* Record extracts *
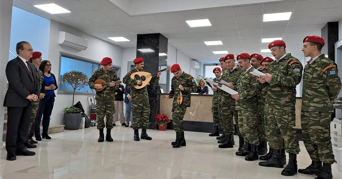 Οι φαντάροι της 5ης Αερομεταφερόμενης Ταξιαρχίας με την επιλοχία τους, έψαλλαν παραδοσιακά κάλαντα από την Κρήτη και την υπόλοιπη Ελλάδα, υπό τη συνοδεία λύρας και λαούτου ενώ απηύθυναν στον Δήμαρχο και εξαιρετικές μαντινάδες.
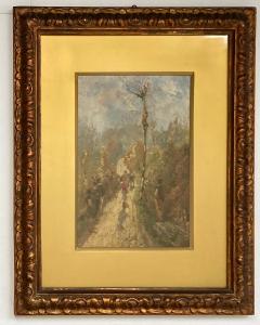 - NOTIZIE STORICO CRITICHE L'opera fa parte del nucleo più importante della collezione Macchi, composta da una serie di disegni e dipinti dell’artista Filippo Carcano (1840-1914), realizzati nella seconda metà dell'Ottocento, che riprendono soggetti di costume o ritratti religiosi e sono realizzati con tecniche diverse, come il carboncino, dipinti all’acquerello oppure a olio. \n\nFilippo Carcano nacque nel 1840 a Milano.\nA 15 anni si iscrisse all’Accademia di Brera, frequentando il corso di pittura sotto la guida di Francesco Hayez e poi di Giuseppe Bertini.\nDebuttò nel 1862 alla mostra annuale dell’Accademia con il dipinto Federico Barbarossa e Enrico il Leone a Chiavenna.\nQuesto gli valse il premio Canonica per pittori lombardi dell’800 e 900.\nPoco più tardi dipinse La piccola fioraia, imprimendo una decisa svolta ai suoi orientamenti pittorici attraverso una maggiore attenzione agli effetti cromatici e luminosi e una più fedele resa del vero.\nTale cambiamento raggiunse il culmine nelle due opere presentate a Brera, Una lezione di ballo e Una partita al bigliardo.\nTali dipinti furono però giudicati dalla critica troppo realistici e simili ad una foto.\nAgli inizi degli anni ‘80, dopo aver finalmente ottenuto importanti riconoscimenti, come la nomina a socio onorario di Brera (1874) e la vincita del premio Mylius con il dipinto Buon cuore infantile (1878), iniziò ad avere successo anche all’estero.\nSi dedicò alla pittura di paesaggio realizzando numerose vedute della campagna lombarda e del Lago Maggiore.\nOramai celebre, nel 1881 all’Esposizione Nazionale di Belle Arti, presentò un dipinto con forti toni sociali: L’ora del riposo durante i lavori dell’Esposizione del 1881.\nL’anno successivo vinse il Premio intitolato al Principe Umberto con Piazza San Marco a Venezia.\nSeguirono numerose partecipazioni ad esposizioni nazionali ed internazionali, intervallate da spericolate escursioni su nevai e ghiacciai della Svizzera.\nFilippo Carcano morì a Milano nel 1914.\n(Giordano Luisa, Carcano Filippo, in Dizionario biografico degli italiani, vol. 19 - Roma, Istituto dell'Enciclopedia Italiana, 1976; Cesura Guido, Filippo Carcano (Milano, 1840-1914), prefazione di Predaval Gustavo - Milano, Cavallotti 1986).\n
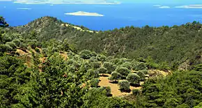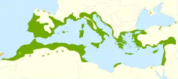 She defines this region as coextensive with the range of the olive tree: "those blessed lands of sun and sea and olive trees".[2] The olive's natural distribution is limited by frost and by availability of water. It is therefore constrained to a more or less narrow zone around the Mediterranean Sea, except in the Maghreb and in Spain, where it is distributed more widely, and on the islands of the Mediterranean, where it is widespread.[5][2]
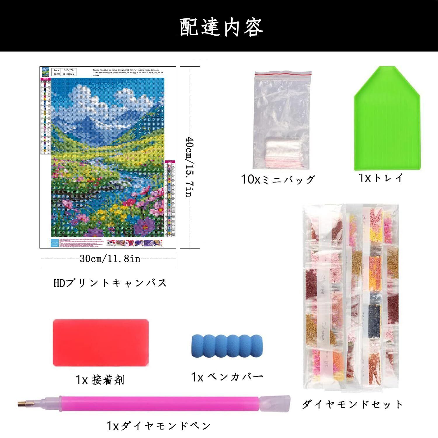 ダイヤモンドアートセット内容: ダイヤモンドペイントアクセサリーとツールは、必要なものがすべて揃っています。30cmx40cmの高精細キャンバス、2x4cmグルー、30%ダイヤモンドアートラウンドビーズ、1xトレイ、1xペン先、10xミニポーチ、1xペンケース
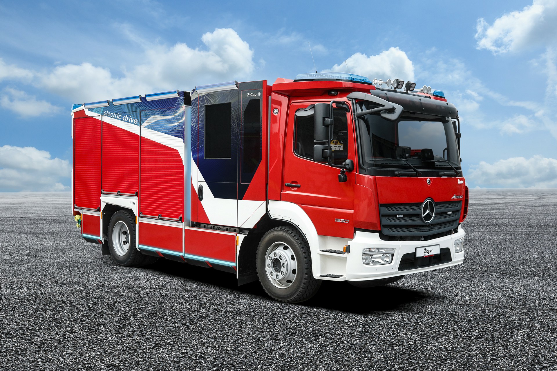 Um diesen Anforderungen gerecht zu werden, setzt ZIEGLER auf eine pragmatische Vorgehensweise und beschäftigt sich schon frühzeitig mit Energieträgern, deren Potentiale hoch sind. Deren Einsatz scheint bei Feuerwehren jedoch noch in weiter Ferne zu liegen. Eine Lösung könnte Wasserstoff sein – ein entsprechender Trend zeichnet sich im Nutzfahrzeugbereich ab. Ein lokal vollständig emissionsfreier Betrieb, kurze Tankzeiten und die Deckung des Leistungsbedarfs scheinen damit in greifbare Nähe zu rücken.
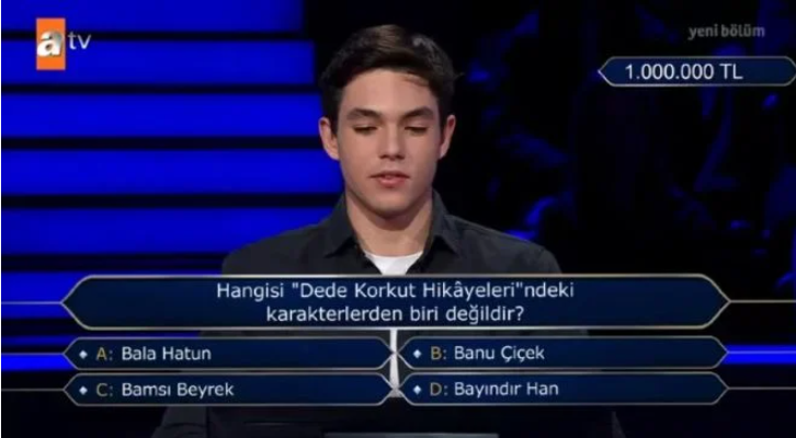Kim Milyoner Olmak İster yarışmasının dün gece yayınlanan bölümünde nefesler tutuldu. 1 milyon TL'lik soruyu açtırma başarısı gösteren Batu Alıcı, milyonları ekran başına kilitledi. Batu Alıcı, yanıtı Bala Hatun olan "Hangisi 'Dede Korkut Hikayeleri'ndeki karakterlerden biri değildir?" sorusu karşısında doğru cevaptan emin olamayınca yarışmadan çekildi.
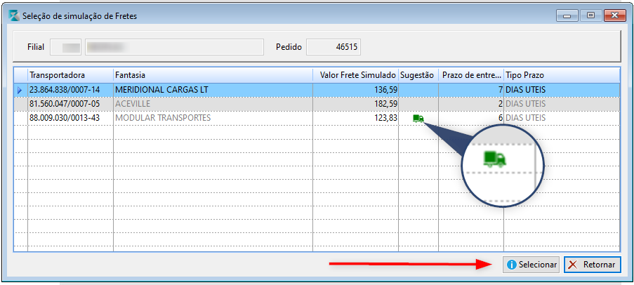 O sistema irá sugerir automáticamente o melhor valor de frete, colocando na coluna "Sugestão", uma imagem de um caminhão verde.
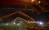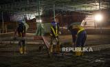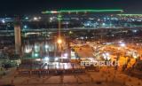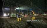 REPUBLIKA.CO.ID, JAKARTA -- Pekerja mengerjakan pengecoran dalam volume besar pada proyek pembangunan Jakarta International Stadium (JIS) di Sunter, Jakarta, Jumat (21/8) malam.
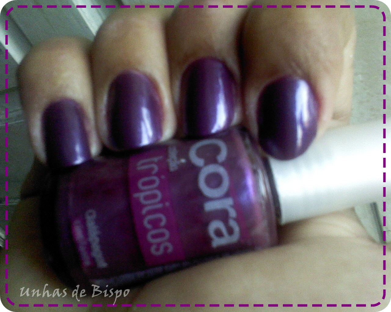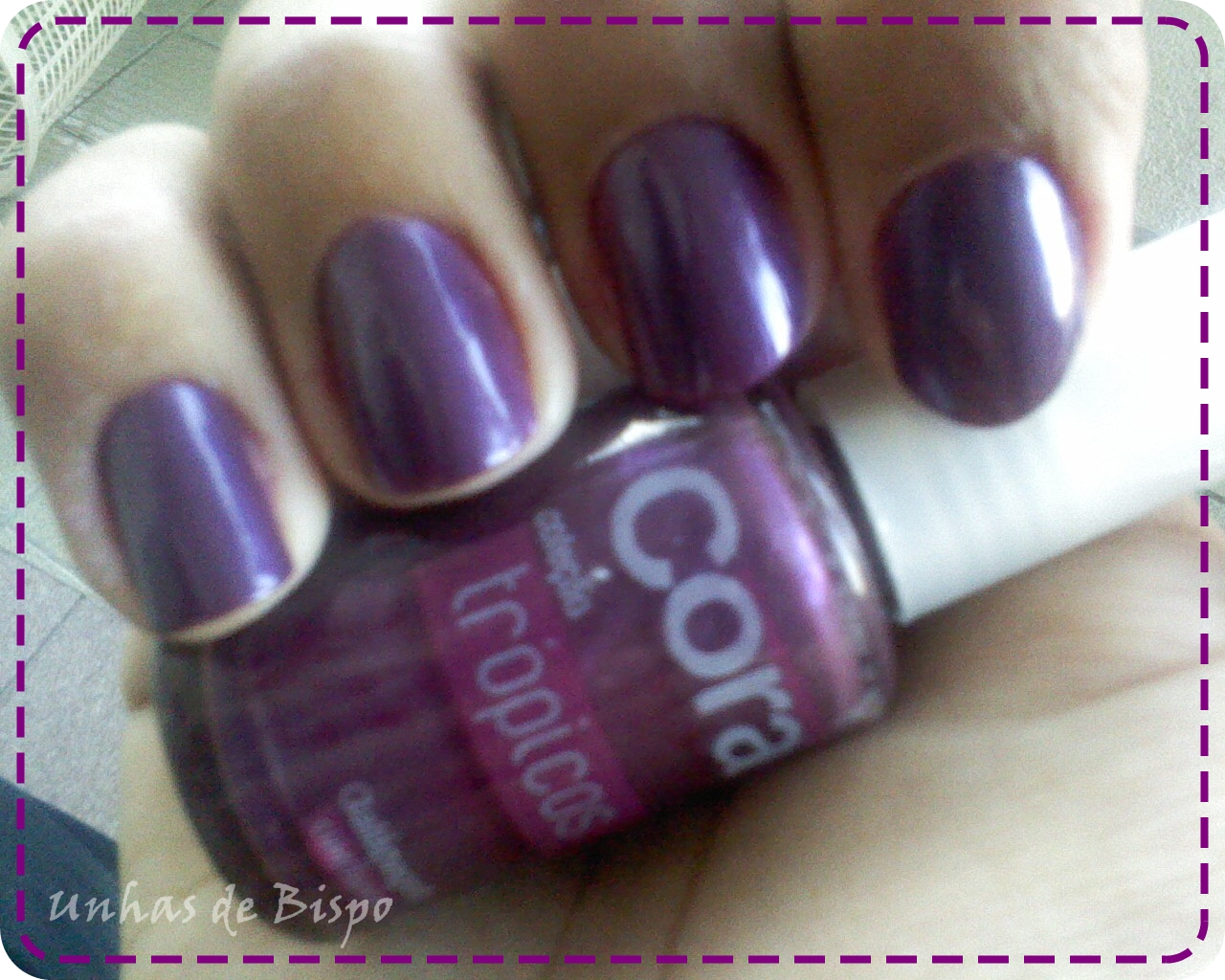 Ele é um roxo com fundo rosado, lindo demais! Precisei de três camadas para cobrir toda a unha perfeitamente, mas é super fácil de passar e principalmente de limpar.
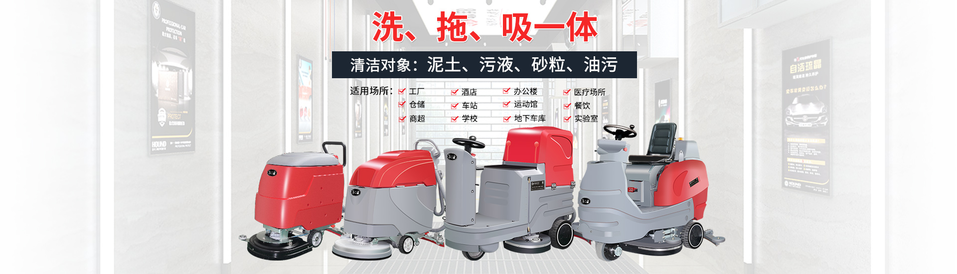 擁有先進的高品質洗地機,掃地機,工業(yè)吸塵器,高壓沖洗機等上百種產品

* Assignment *
Pictures stay out of this copy. Retype exactly the lines from the one with "REPUBLIKA.CO.ID, JAKARTA -- Pekerja" through the last line of the data, both ends included, and nothing more.

* Solution for this exercise *
 REPUBLIKA.CO.ID, JAKARTA -- Pekerja mengerjakan pengecoran dalam volume besar pada proyek pembangunan Jakarta International Stadium (JIS) di Sunter, Jakarta, Jumat (21/8) malam.
 Ele é um roxo com fundo rosado, lindo demais! Precisei de três camadas para cobrir toda a unha perfeitamente, mas é super fácil de passar e principalmente de limpar.
 擁有先進的高品質洗地機,掃地機,工業(yè)吸塵器,高壓沖洗機等上百種產品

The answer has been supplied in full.